When you love someone despite how they treat you, you love them in the deepest possible way.

We know that. We know that’s exactly the self-sacrificing, perfectly pure way in which we are loving.

And sometimes, alas, we are also forced to know an awful corollary to that love of ours: that sometimes the person we love regards that love as having a value equal to diddly-squat.

They just don’t care that we love them. It doesn’t mean anything to them. If anything, they’d rather we didn’t love them.

They’d rather we didn’t love them!

Amazing!

And of course that only adds to our crazy. Because it makes zero sense.

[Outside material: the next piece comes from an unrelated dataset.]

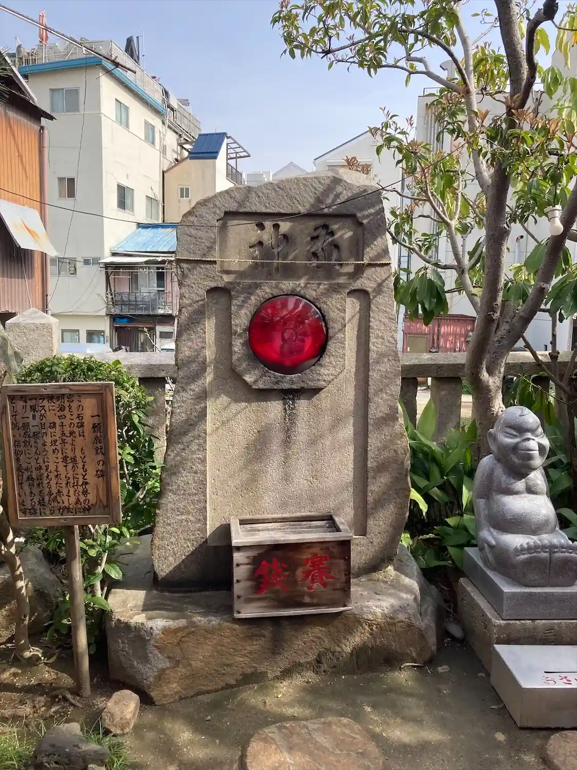 一願成就の碑 赤いガラスが美しい
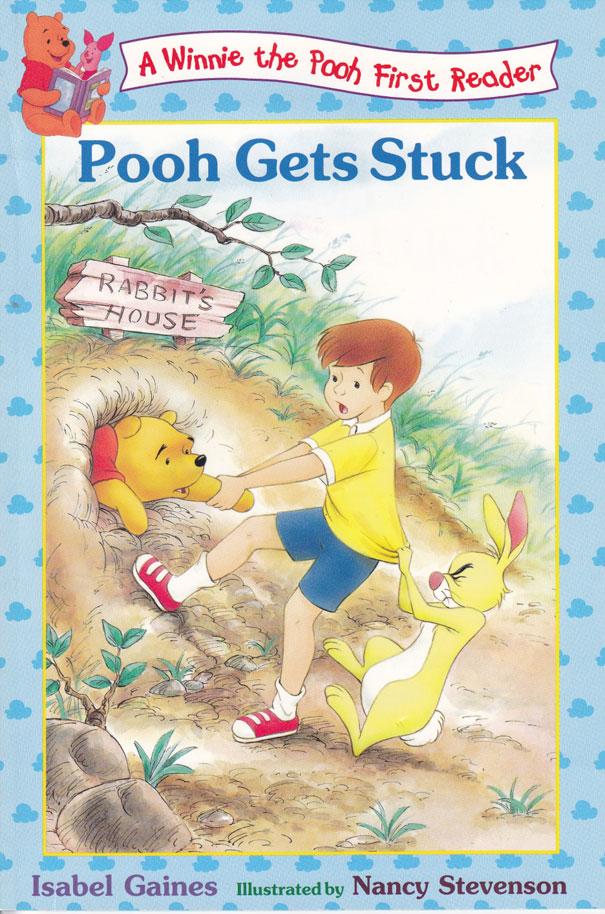 “Pooh” suona molto come “poo”, “cacca”. Ed il titolo diventa così “La cacca rimane incastrata”.

How can our beloved actually not care how much we love them? How can a love as pure as the one we feel for them mean nothing whatsoever to them?

Why doesn’t our love for them heal our relationship with them?

To put it in pirate talk: arrrrrrggggghhh.

But that’s what happens.

And that’s how our love for others becomes, impossibly enough, our own worst enemy. That’s how we end up stuck aiding and abetting our own personal destruction, how we end up willingly poisoning our own well.

That’s how our love turns into what destroys us.

What a sad conundrum! What a terrible puzzle. What a dark and deep hole for us to fall down forever.

So we need help.

And guess what? I know that help.

Guess what works here? Guess the paradigm for properly understanding what we’re really doing when we continue, inevitably and forever love those who have no such love for us?

It’s Jesus Christ. That is exactly what happened to him.

Jesus Christ, no matter what, and very often despite himself, kept on loving people who kept on treating him like garbage.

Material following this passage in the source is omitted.